Overview
Raw Data Exports provide access to event-level data exactly as it is received by Mapp Engage. The exported data is neither aggregated nor interpreted, allowing you to perform independent analysis in external systems such as BI platforms, CRM environments, or data warehouses.
Because the data is unprocessed, multiple events can appear for the same recipient and message. This behavior is expected and reflects how events are captured by the system.
For a complete schema description of all available fields and parameters, see Raw Data Export - Field Reference.
When to Use Raw Data Exports
Use raw data exports when you need full analytical flexibility or want to process Engage data outside the platform.
Typical use cases include:
Event-level tracking
Custom attribution modeling
Cross-channel analysis
Data warehouse ingestion
Advanced reporting beyond Engage dashboards
If you only require aggregated metrics that count the first occurrence of an event, consider using Simplified Data Exports instead.
Key Characteristics
Contains unfiltered, event-level data
No aggregation or interpretation is applied
Designed for processing in external analytics tools
Supports large-scale exports
Can be generated manually or on a schedule
Understand How to Interpret Raw Data
Working with raw data requires an understanding of how events are recorded and exported. The following behaviors are normal and should not be interpreted as system errors.
Apparent Duplicate Events
Raw Data Exports record each event exactly as it is received by Mapp Engage. Because events are not deduplicated, multiple records for the same event can occur.
Timestamp Granularity
Event timestamps are stored with a granularity of one second. Sub-second arrival times are not captured.
If multiple identical events — such as reads or link clicks — are received for the same recipient and message within the same second, they can appear as identical records in the export.
Why This Happens
A frequent cause is automated security scanning performed by mail providers. These systems often preload images and follow links to check for malicious content.
Since these scans intentionally imitate real user behavior, the generated events cannot be reliably distinguished from genuine interactions and are therefore recorded as received.
How to Interpret This Data
Identical records do not indicate an export error.
They represent separate events received from external systems.
The number of records reflects how many events were captured within that second.
If deduplicated reporting is required, use Simplified Data Exports.
Automated Activity
Automated processes such as spam filters, security scanners, and email clients may trigger opens or clicks without direct user interaction. These events are recorded because Engage cannot reliably differentiate automated activity from genuine recipient behavior.
When analyzing raw data, consider that a portion of engagement metrics may originate from automated systems.
Timestamp Precision
All event timestamps are recorded at one-second precision. Events occurring within the same second may therefore appear identical even when they were triggered separately.
This limitation should be considered when building attribution models or performing sequence-based analysis.
Attribute Value Timing
Attribute values in the export reflect the state of the attribute at the time the export is generated, not necessarily the value at the time of message sendout.

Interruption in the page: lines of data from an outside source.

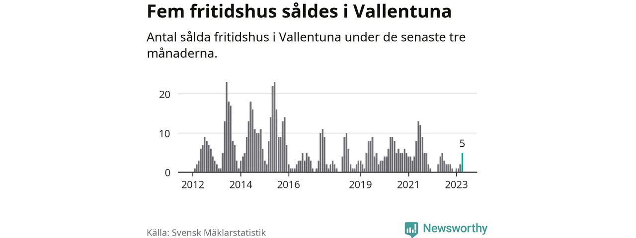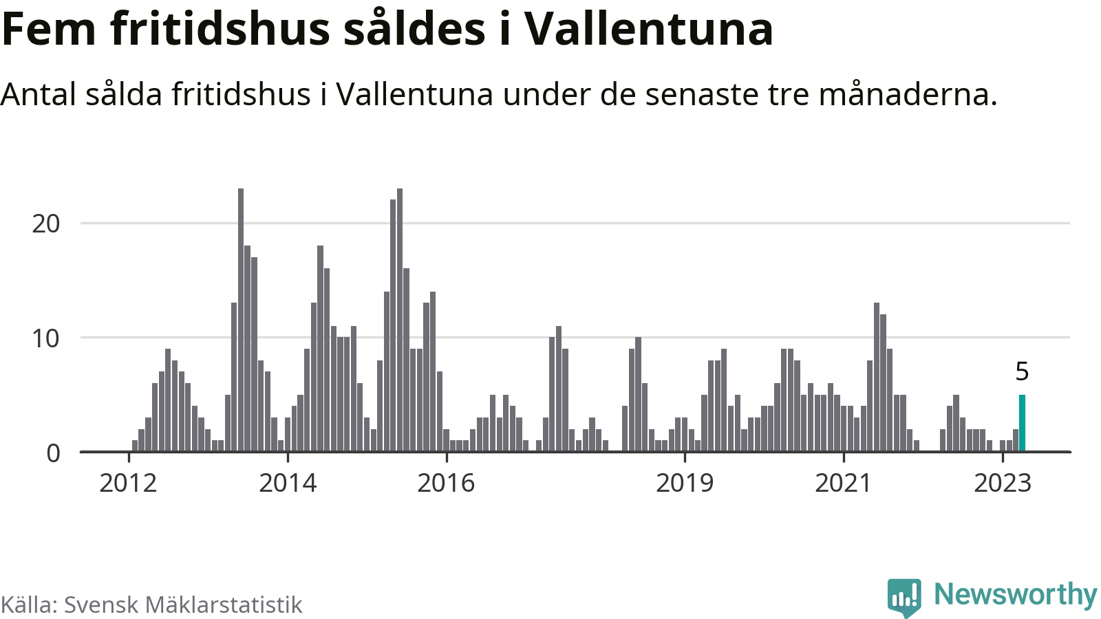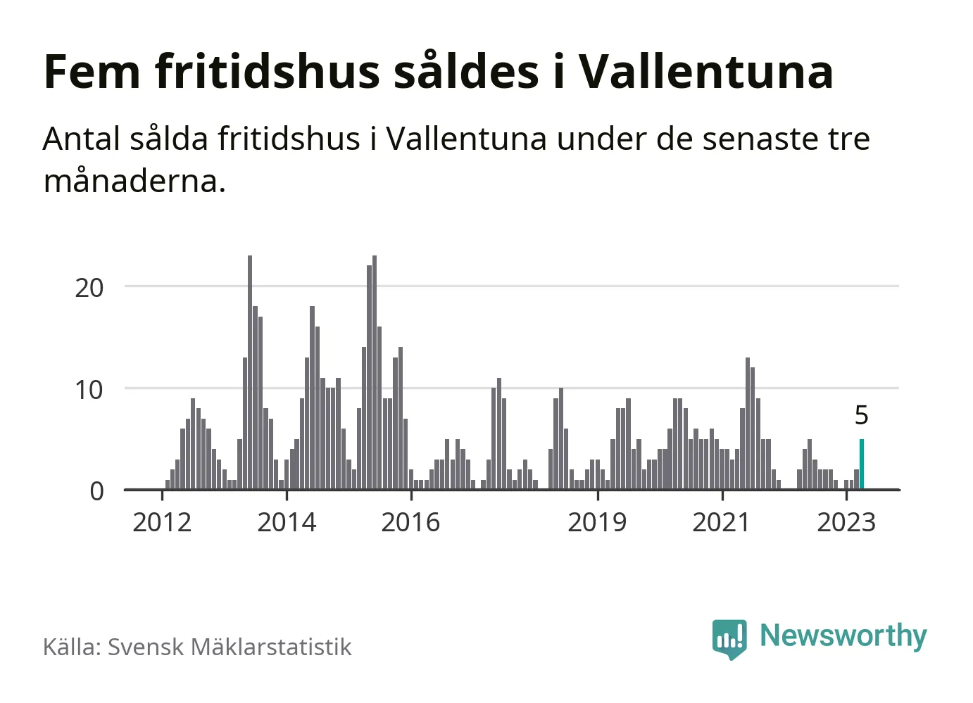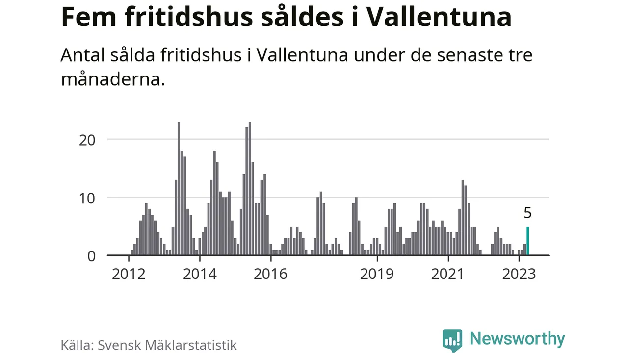 Mellan februari och april gjordes sammanlagt fem affärer med fritidshus i Vallentuna kommun. Det kan jämföras med två vid motsvarande tid i fjol.
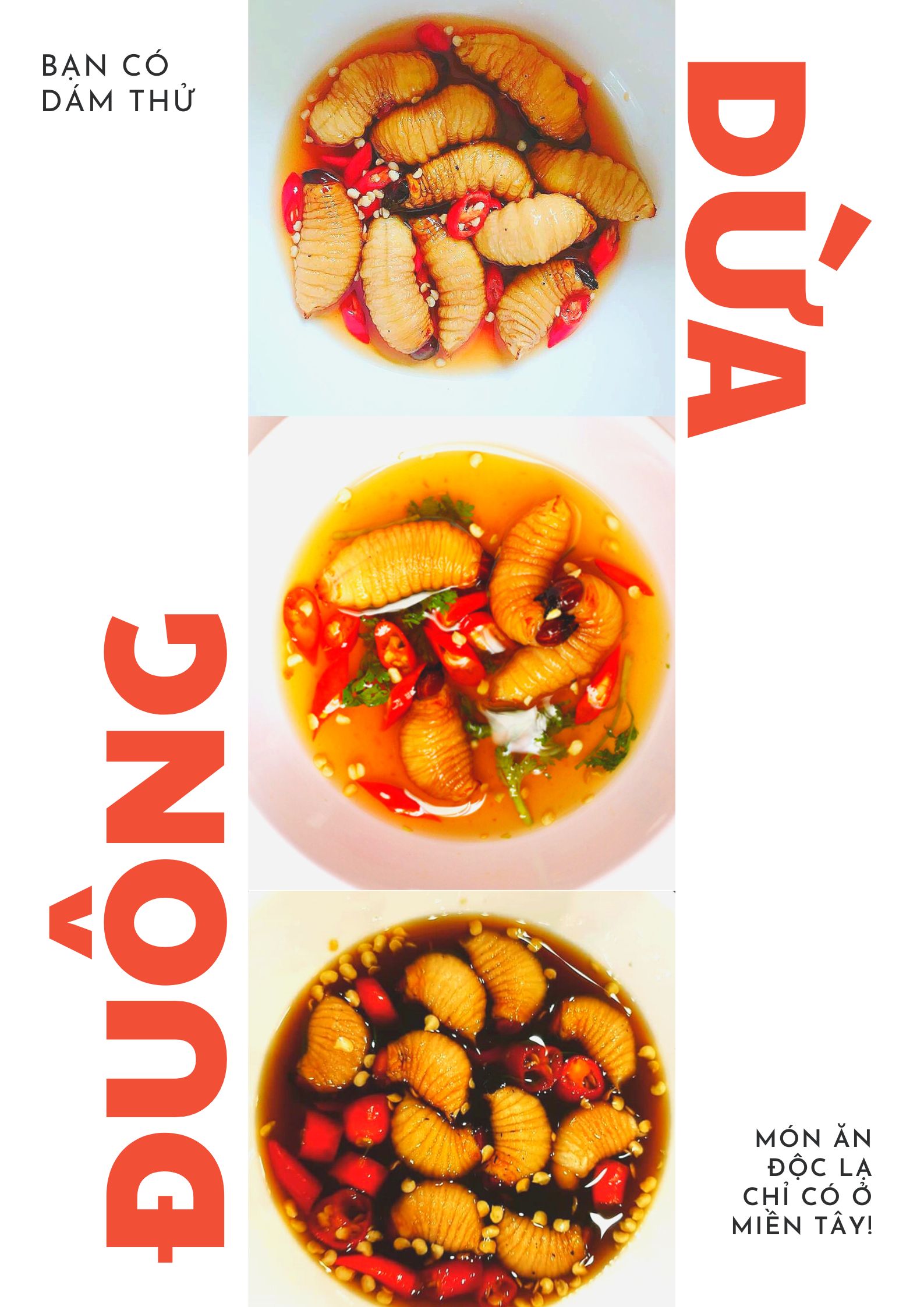 Nếu bạn không biết thì, đây chính là một trong những món ăn hấp dẫn nhất miền Tây mà du khách nhất định phải thử - đuông dừa tắm mắm ớt. Những chú đuông dừa tươi rói béo múp, ngọ nguậy uốn éo bên trong chén nước mắm ớt đậm đà, đã trở thành hình ảnh hấp dẫn mà bất cứ thực khách nào cũng thích thú đón nhận.
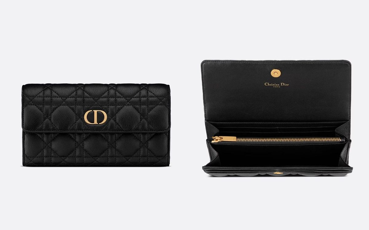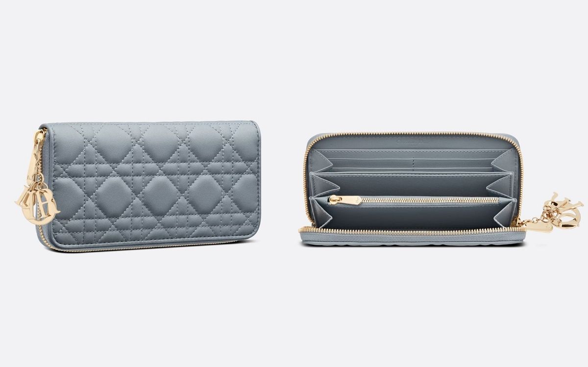Dior經典的Cannage藤格紋圖案縫線為日常實用的長夾注入優雅時尚的氣息,翻蓋綴以「CD」標誌的款式成熟且奢華,而配以可拆卸D.I.O.R.吊飾的拉鍊款則更活潑年輕,在使用上也大大增加了方便性。
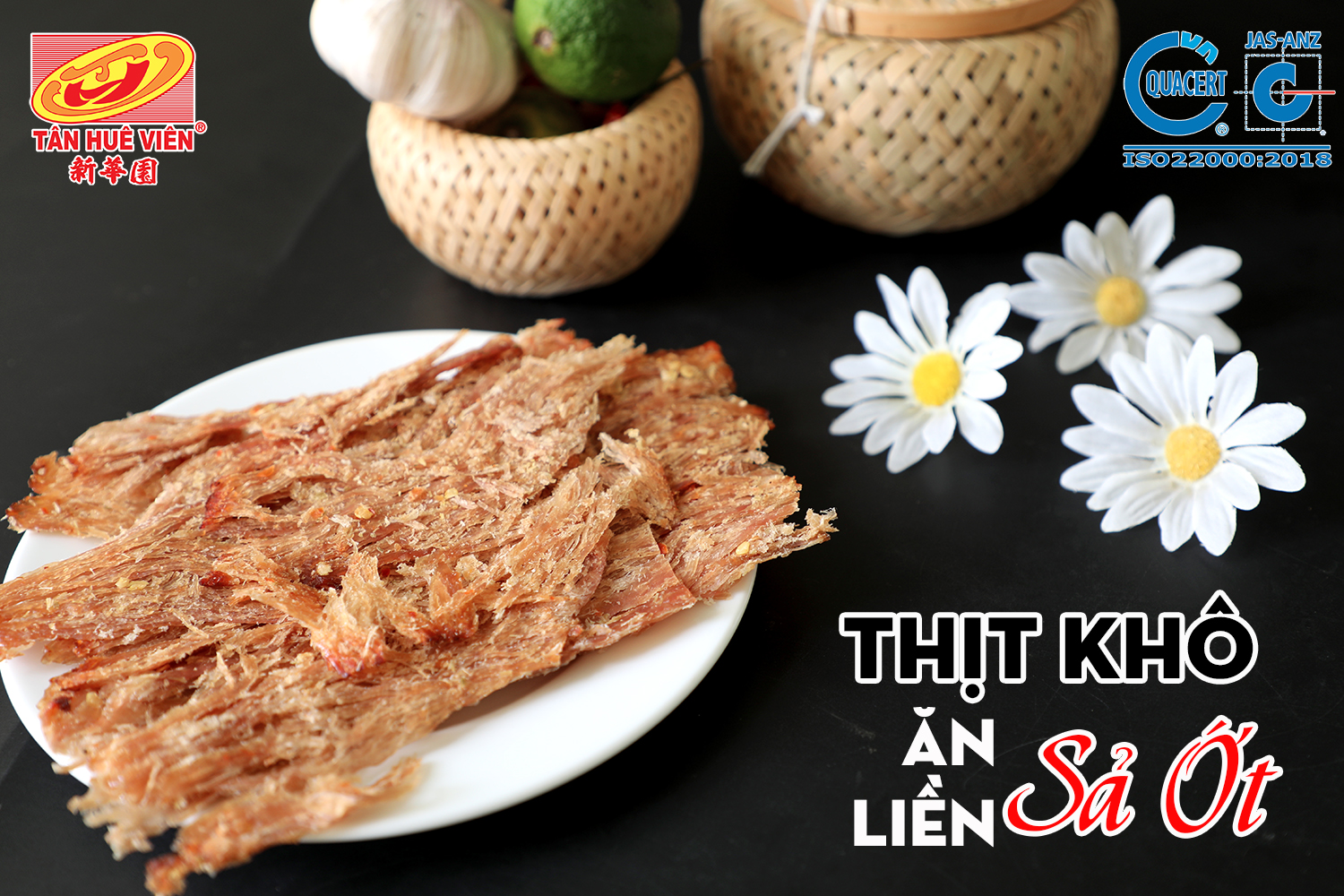 Dựa trên những lợi ích thiết thực mà thịt heo mang lại Tân Huê Viên đã nghiên cứu và cho ra đời sản phẩm Thịt Heo Khô Sả Ớt. Sử dụng công nghệ sấy khô hiện đại đảm bảo thịt được sấy khô hoàn toàn và đạt tiêu chuẩn an toàn vệ sinh thực phẩm.
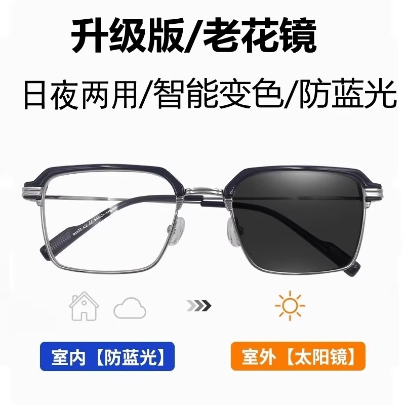 德国变色老花镜智能感光防蓝光抗疲劳防紫外线两用高清眼镜男正品
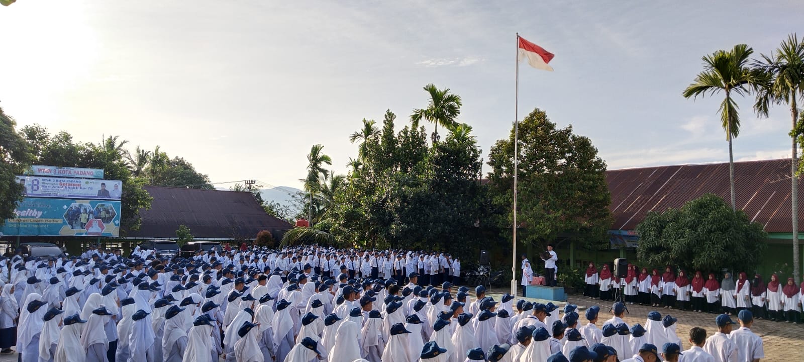 Padang, Humas – Dalam semangat baru menuju semester genap, Madrasah Tsanawiyah Negeri 3 Kota Padang menggelar upacara bendera perdana dengan penuh semangat di tengah cuaca cerah yang menyinari kegiatan tersebut, melalui pembina upacara waka kesiswaan, Ramli, Senin (08/01).

If an attribute changes between sendout and export, the exported value may differ from the value originally used for the message.
How Exports Are Generated
Raw data exports are configured using a guided wizard.
Define the export type, name, and description.
Select the time frame for the export.
Choose the events and attributes to include.
Select the file format and configuration settings.
Generate the export manually or schedule it for automated delivery.
The availability of certain data points depends on your system configuration and user permissions.
Best Practices
Always include a stable contact identifier such as User ID or Email Address to support downstream analysis.
Define a clear event scope before exporting to avoid unnecessarily large files.
Validate exports in a staging environment before integrating them into automated pipelines.
Use external tools to aggregate and interpret the data according to your reporting needs.